Yasutomo Segawa*, Motonobu Kuwayama, Yuh Hijikata, Masako Fushimi, Taishi Nishihara, Jenny Pirillo, Junya Shirasaki, Natsumi Kubota, Kenichiro Itami*
Science 2019, 365, 272-276. DOI: 10.1126/science.aav5021
カテナンや分子ノットといったトポロジカル構造は分子マシンのユニットとして期待される一方で、合成には配位性・極性の置換基が必須であった。

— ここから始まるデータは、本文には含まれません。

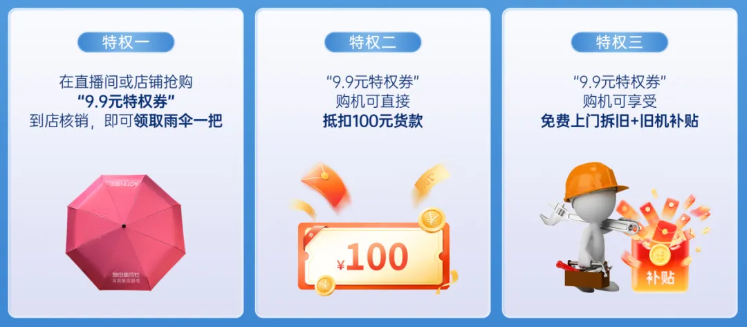 “9.9 元特權(quán)券” 在購(gòu)機(jī)時(shí)可直接抵扣 100 元貨款。無(wú)論是買(mǎi)煙灶套裝還是購(gòu)買(mǎi)蒸烤一體機(jī),直接省100元?;ㄐ″X(qián)省大錢(qián),讓您實(shí)實(shí)在在享優(yōu)惠!
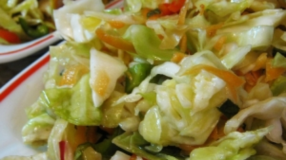 Салата от печени чушки и орехи върху краставица
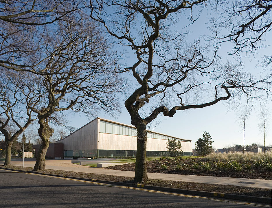 A new local authority swimming pool in the heart of Formby, Lancashire. This timber-framed, oak and copper clad swimming pool is sited in a new landscaped park providing a serene experience of swimming in nature; except on weekends when the pool is full of families enjoying the facilities together. The pool design utilises the view and an abundance of natural daylight along with low-energy environmental design.
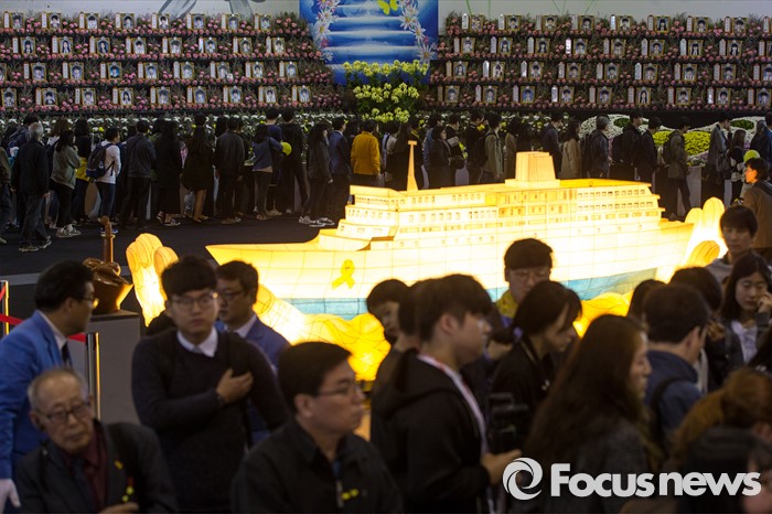(안산=포커스뉴스) 세월호 참사 2주기인 16일 오전 경기도 안산시 단원구 화랑유원지에 마련된 합동분향소에 추모객 발길이 이어지고 있다.
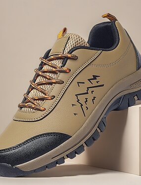 メンズ カーキ 通気性メッシュ&スエード アスレチックスニーカー – アウトドアやストリートウェアに最適な頑丈なカジュアルシューズ

今回我々は、ケイ素を用いた新たな合成戦略によって、パラ位でつながったベンゼン環のみからなるカテナンとトレフォイルノットの合成・構造決定・性質解明に成功した。これらの分子を単離したことで、カテナン構造を介した励起エネルギーの速やかな移動、左結び・右結びに由来するトポロジカルキラリティ、トーラス表面を這うようなノットの動的挙動といった興味深い性質を明らかにした。トレフォイルノットは最小のトーラスノットとしてトポロジーの観点からつながりの深い構造であり、今回合成したオールベンゼントレフォイルノットはカーボンナノトーラスの部分構造となることから、本研究は複雑なトポロジーをもつナノカーボンの精密合成に道を拓く成果である。